When we are supporting individuals who sometimes exhibit challenging behavior, caregivers must sometimes intervene to prevent harm to the individual or someone else. The caregiver must consider which is going to be the most effective, most supportive and least restrictive intervention at that time. This can be challenging because when the individual we are supporting is stimulated, that will stimulate the person providing the support. When opportunities are presented, the caregiver needs to affirm their emotions and choose their behaviors, in order to respond instead of reacting. Responding instead of reacting allows choices to be made based on the caregiver’s values and belief system.

Too often we do not realize how our interactions actually contribute to the individual’s reaction and ultimately whether the person escalates or de-escalates. When someone’s behavior is challenging, too often the reaction of the caregiver is to tell the person to “stop that”. If we are not affirming our emotions and choosing our behaviors, the tone of voice come across as controlling and demeaning. The caregiver’s body language may be perceived as confrontational. If the caregiver moves closer to the person, he or she may perceive the action as invading their space or attacking. When an individual’s space is invaded often the reaction from the individual is to push the person away. When the push occurs, the caregiver feels threatened and justified in the use of a manual restraint, failing to realize that their action provoked the individual. When the caregiver is presented with challenging behavior, their focus should be on understanding the purpose behind the behavior and providing reassurance to help the person feel safe. When individuals feel safe, we can invite them to de-escalate and manage their own behavior. This is explored more fully in the relational chapters of the Mandt System.

A rule of thumb is that as soon as a person puts their hands on another without consent, the opportunity for a physical conflict is dramatically increased. This can occur even if the intention was to physically display comfort or reassurance. Unless there is an immediate risk of harm to that individual or someone else, we should take time to think through the pros and cons of the various strategies available to us before using physical interventions.

Below are some examples to illustrate situations and choices. As you read the situation determine for yourself, based on the information given, what is the least invasive intervention that could be used. The strategies must be individualized and based on knowing what works best for that individual.
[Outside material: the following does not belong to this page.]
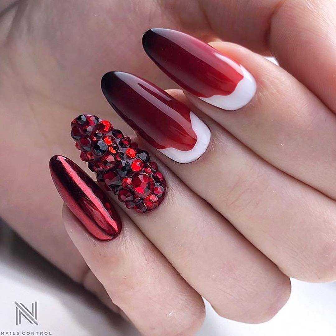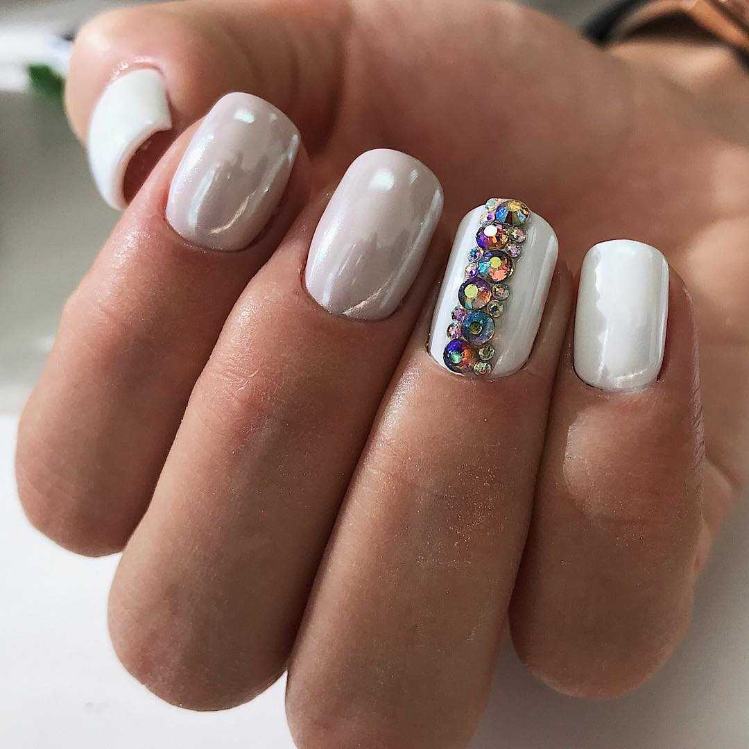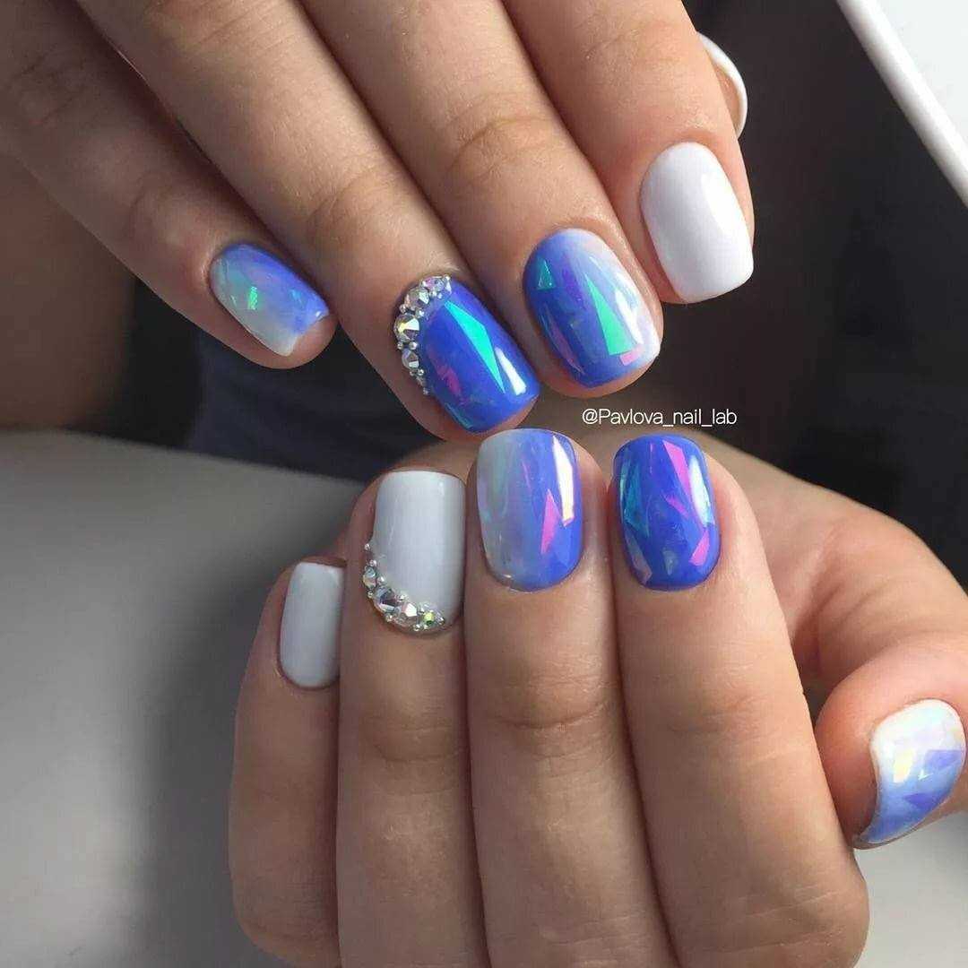 Современный маникюр отличается активным использованием страз, геометрических рисунков, сверкающими и переливающимися эффектами, сочетанием различных необычных техник и комбинаций.

EX 1: Several children are together in a room in a house. The adult uses their senses (their mommy or daddy hearing) to determine the noise level is too loud or more likely too quiet. In checking the room, the adult finds the children are involved in behaviors that need to change. Options to consider may include:
1. Non verbal communication – the mommy or daddy look
2. Increase proximity using body positioning– move closer into the room
3. Verbal intervention which could be inquiring, directive, or demanding
4. A general physical response – taking away the toy or separating the children.
5. A specific physical response – redirection, restraint of a limb, restraint of the entire body

The individual is best served by using the intervention which best allows the child to make the choices for themselves. When they do, so it affirms they know the right thing to do and can implement that knowledge and can control their own behavior. It also allows the child to save face with their peers more than if the child is directed by the adult.

EX 2: In a home setting, the caregiver realized the individual being served was angry and was going to throw a glass object at him. His response was to remove himself by going through a door into another room and closing the door. By doing so the caregiver avoided being hit and removed the stimulus, himself. When the caregiver heard the glass break, he realized the individual was barefoot. The caregiver returned to the room and used body positioning to keep the individual away from the broken glass until his feet were protected or the broken glass removed. In both situations, instead of using a manual restraint, the caregiver weighed the pros and cons and used the least invasive intervention.

EX 3: If a person is about to run into an area that might be dangerous to them, instead of physically holding the individual, use body positioning to serve as a barrier between the dangerous area and the person. It is less likely to be seen as confrontational as a manual restraint by the individual.

EX 4: If an individual who was physically aggressive drops to the floor, the caregiver should take a step out of the reach of the individual to address the immediate risk, rather than using a manual restraint.

In our role as supporting others, caregivers should focus on helping the person feel safe and helping them learn to make good choices independent of the caregiver, not on disciplining or controlling them. Using the least intrusive intervention allows the person the ability to make choices and decisions that will keep them safe long term.